Even so, what is this "same event" he mentions in the last half of verse 14, which "happens to them all"? He speaks of "it" again in the first half of verse 15. What is he talking about?
What is his conclusion? To what does the word "this" refer in the last sentence of verse 15?
Verse 16 sums up everything Solomon has said in the four preceding verses. Fill in the blanks below to see his conclusion.
For there is no more __________ of the wise than of the fool forever, Since all that now is will be __________ in the days to come. And how does a wise man die? As the fool! (Eccl. 2:16 NKJV)
Solomon expands on the above in the next few verses. For example, what does he say he hated (v. 17)?
Why does he say he hated it?
What does he say he hated in verse 18?
Again, why does he say he hated it? Do these sound like the words of a greedy, ungenerous man, or is something else going on here?

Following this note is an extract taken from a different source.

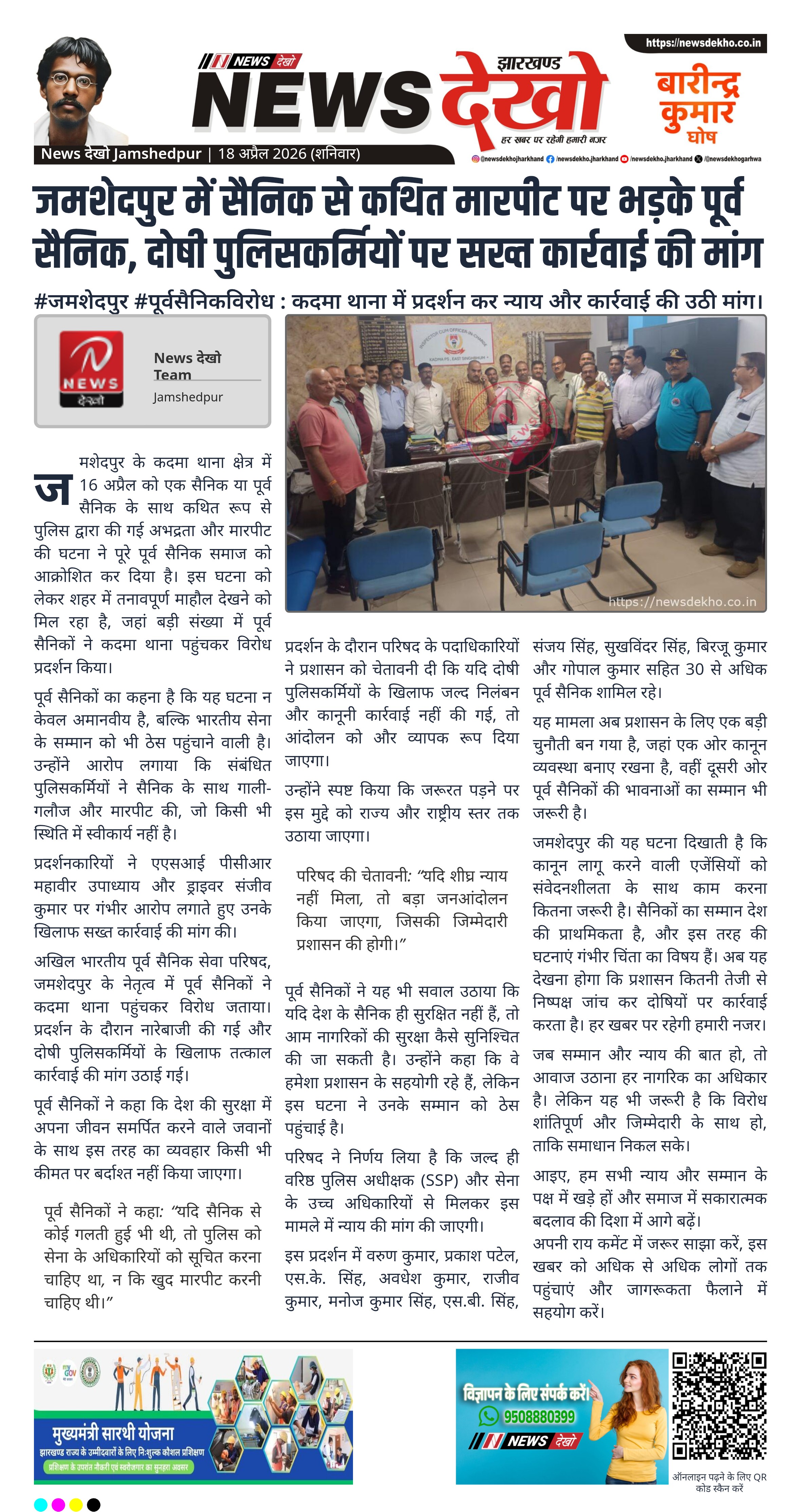 जमशेदपुर की यह घटना दिखाती है कि कानून लागू करने वाली एजेंसियों को संवेदनशीलता के साथ काम करना कितना जरूरी है। सैनिकों का सम्मान देश की प्राथमिकता है, और इस तरह की घटनाएं गंभीर चिंता का विषय हैं। अब यह देखना होगा कि प्रशासन कितनी तेजी से निष्पक्ष जांच कर दोषियों पर कार्रवाई करता है। हर खबर पर रहेगी हमारी नजर।

What is the conundrum (i.e., the problem with no clear solution) to which Solomon alludes in verse 19? Why would this trouble him?
Again, what is his conclusion at the end of verse 19?

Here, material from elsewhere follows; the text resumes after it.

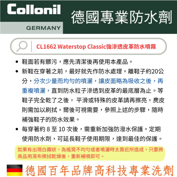 • 德國 Collonil Waterstop Classic 強滲透皮革防水噴霧 CL1662

Pay special attention now to the shift in Solomon's emphasis, from "I" or "my" in verse 18 (and the preceding verses as well) to "he," "a man," and "his," beginning in verse 19 and shown even more clearly in verses 20–21. In verse 20 he talks again about himself; in verse 21 he makes the switch, which he then continues for several more chapters, at least until verse 9 of chapter 6.
This is how Solomon generalized his experiences and the conclusions he drew from them, from those that were personal and private to those that—at least in his own mind—were universal and could be applied to everyone. But if you miss the switch, it's hard to keep track of what's going on!

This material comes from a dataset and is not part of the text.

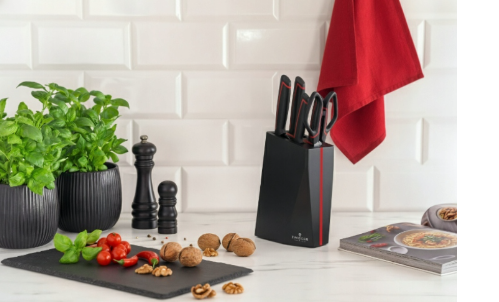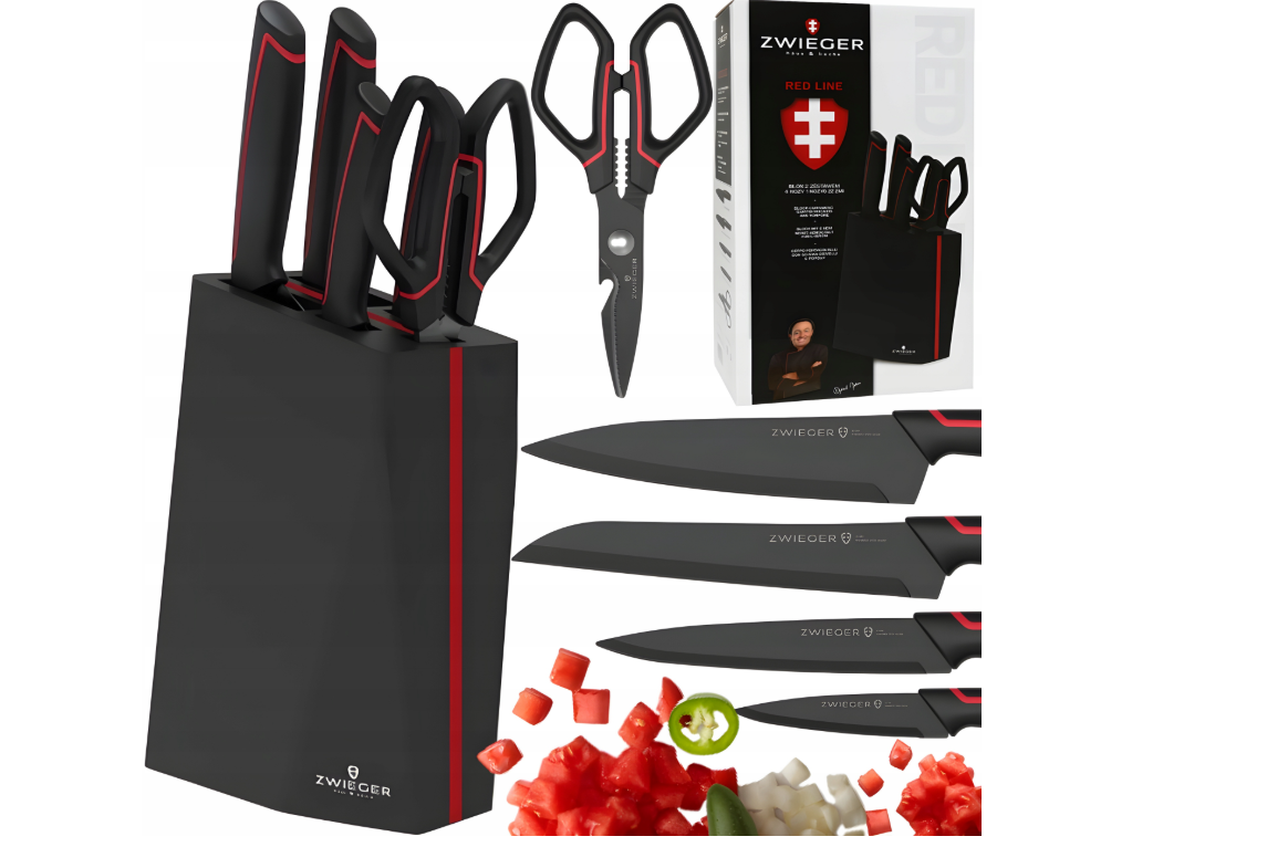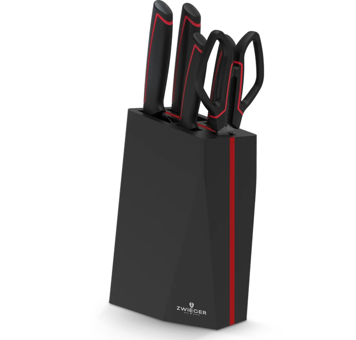 Zestaw 4 noży i nożyczki w bloku ZWIEGER RED LINE 6 elementów

In general, verses 20–23 expand on what Solomon has already said. For example, in verse 20 he says he "turned [his] heart." In modern English, what does this mean?
Again, in verse 21, Solomon speaks of leaving his heritage to someone who has not earned it. Do you think this is a common sentiment in the present age? What might parents do nowadays to avoid this kind of feeling in their old age—assuming they've had reasonable success in life?
In verse 22, it's important to get the emphasis right in order to get the meaning right. The word "has" must be emphasized, meaning "What does a man retain as a reward for all his labor?"
Verse 23 includes one of the few references in the Bible to what we tend to think of as a modern condition only, usually arising from too much work and too much worry. What is that reference, and how does it translate into modern English?
To conclude Ecclesiastes 2, please read verses 24–26, reprinted below, and respond to the question that follows.
Nothing is better for a man than that he should eat and drink, and that his soul should enjoy good in his labor. This also, I saw, was from the hand of God. For who can eat, or who can have enjoyment, more than I? For God gives wisdom and knowledge and joy to a man who is good in His sight; but to the sinner He gives the work of gathering and collecting, that he may give to him who is good before God. This also is vanity and grasping for the wind. (NKJV)
What is Solomon's conclusion, taken from his discussion of his own wisdom and possessions? In the end, what does he say he really values, and where does it come from?
Pulling It All Together ...
Solomon begins chapter 2 of Ecclesiastes by conducting an experiment in regard to what he saw as the value of human achievement.
He then lists a few of his achievements; he admits that others might duplicate them but claims that no one can exceed them.
Then Solomon admits that none of his own accomplishments, great as they might seem to others, have any lasting value.
Finally, he says that the simplest things are really most important—enough to eat and drink and worthwhile work that satisfies the soul.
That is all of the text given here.